Unsecured Business Loans up to $250,000

NEW LOANS - REFINANCING - DEBT CONSOLIDATION

Unsecured loans are those that do not require items of property, vehicles or equipment to secure them. Unsecured loans are usually for existing businesses (six or more months in business).

We can help you find a new loan, or refinance an existing unsecured loan.

We have a range of lenders for unsecured business finance, up to $250,000. Each lender has different criteria, information needed to complete your loan application and different products. Rates also vary significantly between lenders.

We will ask you targeted questions to identify which lender you meet the criteria for then work with you to provide the correct application documentation. When you meet the criteria of more than one unsecured business lender, we will first try the lender with the lowest rates and/or the longest loan terms.

You will need to have good credit - a credit score of at least 350 is required. How much you can borrow will depend on your time in business, industry, other borrowing, annual revenue and profitability, and whether you are up to date with your GST and PAYE payments.

Buying a business or a franchise?

There are very few lenders who provide unsecured loans for business purchases. To be considered, you must be contributing at least 25% of the purchase price and the business you are buying must be profitable. It helps if you are a home owner and have another source of income that could service the loan, such as a spouse/partner who earns PAYE income.

Starting a business?

Most business lenders do not provide unsecured loans to start a business. If you own property and have a decent amount of equity in it, we may be able to help you get a second mortgage with six months of capitalised interest. You will need to have a very solid business plan.



Unsecured loans up to $150,000

These loans are usually assessed using only your business bank transactions, credit checks and a small amount of financial information about your business. They will often limit the amount you can borrow to some kind of factor of your revenue (eg 1.5 times average monthly revenue).

What lenders are looking for:

  • Good conduct in your bank accounts, eg no bounced payments, especially for any other borrowing you have

  • Clean credit for the directors and the business, or defaults are paid and/or explained

  • GST and PAYE up to date, or a payment arrangement in place (some lenders will fund IRD arrears)

  • Trading for a minimum of 6 months

  • Some lenders might want to see your management accounts or accounts for the last tax year

Unsecured loans over $150,000

These loans require more documentation to support them. As well as the criteria for unsecured loans under $150,000, you may need to provide:

  • Current management accounts (ie your profit and loss and balance sheet as of today)

  • Profit and loss statement for the last financial year and sometimes the year before

  • Documentation to prove you have an IRD of any payment arrangement in place if you have arrears

  • You may need to supply accounts receivable and accounts payable reports



Common uses for an unsecured business loan

  • Working capital, eg to purchase extra stock

  • Fund a marketing campaign

  • Cashflow funding when you don’t qualify for invoice finance

  • Refinancing of other business lending

  • Debt consolidation

  • Pay your fixed costs during a quiet part of the year

  • Purchase equipment that can’t be used as security

  • Director/shareholder buyouts

If you do not qualify for an unsecured business loan you may want to consider our secured loans or invoice finance.

 FAQ’S

  • How much you can borrow will depend on your time in business, revenue, and profitability. Unsecured business loans can go up to $250,000. If you need more than that, you’d need annual revenue of $5m+.

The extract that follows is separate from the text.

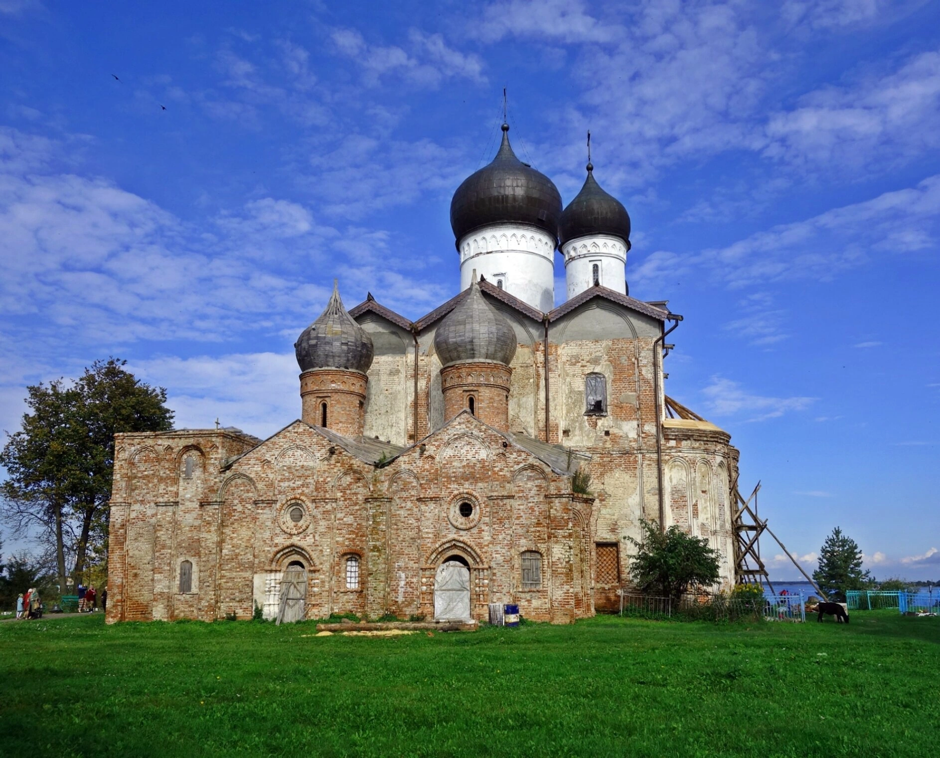 На представленной фотографии запечатлён Свято-Троицкий Михаило-Клопский мужской монастырь, древняя православная обитель, расположенная в Новгородской области близ реки Веряжи. Монастырь, основанный в XV веке, является выдающимся памятником русской духовной культуры и архитектуры. Главной доминантой монастырского ансамбля, видимой на снимке, является соборный храм во имя Святой Живоначальной Троицы.

  • Unsecured business loans for business startups are rare. But if your new venture is a b2b (business to business) and you want to offer credit terms, then we may be able to help you with an invoice finance facility instead.

  • Yes, you still must sign a general security agreement. This document creates a promise that if your business can’t pay off the loan, you will pay it.

  • Unsecured loans tend to be for shorter terms than secured loans. Terms tend to be from six to 24 months; but they do vary by lender and the amount borrowed.

  • Inland Revenue has been focusing on placing companies into liquidation when they fall behind on their tax obligations. If you have a payment arrangement in place and are keeping up with payments, your lender doesn’t need to worry about IRD liquidating your business. Your IRD debt is treated like any other borrowing and your repayment schedule is looked at when assessing your ability to repay your unsecured business loan.